Thursday, August 16, 2018

The Ellensburg WA sky for the week of 8/18/18

SaturdayThe sky is black (or light polluted), the stars are white (or red or orange or yellow or blue), the whole world gazes upon the sight (except where there are too many city lights or people are lazy.” Wow. It is difficult to write a flowing set of lyrics when there are so many parenthetical thoughts. Most people think of the sky’s blackness as a lack of stars. But dark patches in the Milky Way are actually massive clouds of dust that are blocking the stars behind them. Two of the most prominent are dark nebulae B142 and B143 in the constellation Aquila the eagle. These are easy to find and enjoy with binoculars. First find the bright white star Altair, five fists held upright and at arm’s length above the southeast horizon at 10 p.m. Then move your binoculars up a little bit to the next bright star Tarazed, about one fifth as bright. B142 and B143 are to the upper right of Tarazed. They make an “E” shape in the sky; fitting because it was American astronomer E. E. Barnard who first proposed that these were dust clouds and not simply big spaces between the stars. For more information about dark nebula, including many more to look at with binoculars, go to 

Sunday: Venus is about a half a fist above the west-southwest horizon at 8:45 p.m. Jupiter is not far behind it, about one and a half fists above the southwest horizon. 
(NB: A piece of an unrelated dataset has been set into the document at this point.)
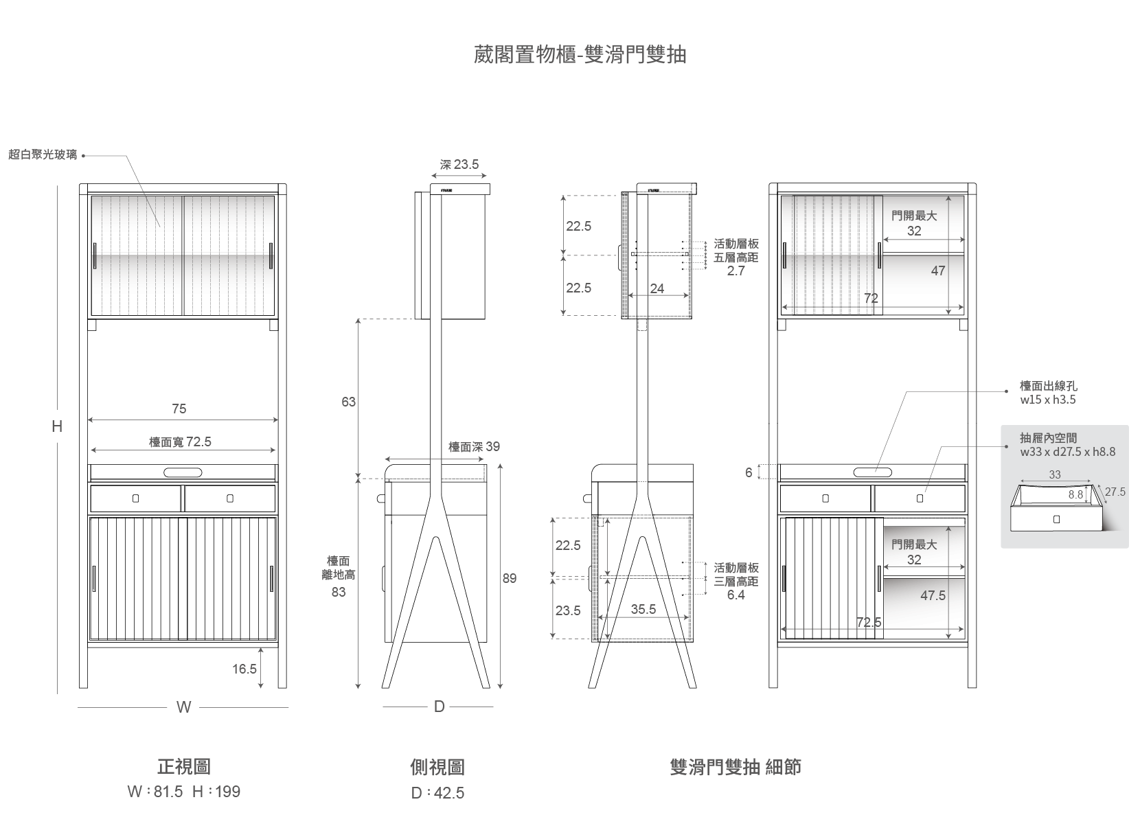 抽屜結合滑門式開闔的收納櫥櫃,降低動線干擾。

Monday: Saturn is about a thumb width to the lower left of the Moon at 11 p.m., low in the south-southwest sky. 

Tuesday: Mercury is a half a fist above the east-northeast horizon at 5:45 a.m. 
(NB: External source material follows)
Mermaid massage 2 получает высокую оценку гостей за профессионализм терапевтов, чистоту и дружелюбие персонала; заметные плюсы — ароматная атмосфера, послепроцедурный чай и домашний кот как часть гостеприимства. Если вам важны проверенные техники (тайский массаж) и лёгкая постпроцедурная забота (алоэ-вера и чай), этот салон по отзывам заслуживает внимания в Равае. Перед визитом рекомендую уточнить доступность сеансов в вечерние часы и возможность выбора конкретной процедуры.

Wednesday: Mars is about a fist to the lower left of the Moon at 11 p.m., low in the southern sky. 

Thursday: Let’s all sing the galactic black hole monster song: “D is for dusty, that’s good enough for me. D is for dusty that’s good enough for me. D is for dusty that’s good enough for me. Oh dusty, dusty, dusty starts with D.” Astronomers know that spiral galaxies such as our own have super massive black holes in the center, black holes that are billions of times the mass of the Sun. They thought they got to be this massive by mergers where two galaxies collide and the gas, dust and black holes at the center of each colliding galaxy form a larger central black hole. But many distant galaxies show no signs of galactic mergers. Astronomers think the black holes at the center of these galaxies grew simply by snacking on the gas and dust that comes from supernova explosions and normal star formation. Just like the Cookie Monster gains weight by snacking on individual cookies rather than eating a cookie factory. Cookie crumbs, I mean dust, block your view of the center of our galaxy.  It is about one fist above due south at 10 p.m., between the constellations Sagittarius and Scorpius. For more information, go to 

Friday: When the Moon is full, as it will be late tomorrow night, or close to full, it is difficult to see dim objects in the sky because of the sky glow. But why struggle to find dim objects when there is so much to see on the big, bright object in front of you? The lunar crater called Tycho is best seen during a full Moon. Tycho was formed about 109 million years ago when an asteroid struck the Moon, leaving a crater over 50 miles in diameter and ejected dust trails that radiate out hundreds of miles in all directions. For more lunar highlights, go to, a resource of the Night Sky Network. 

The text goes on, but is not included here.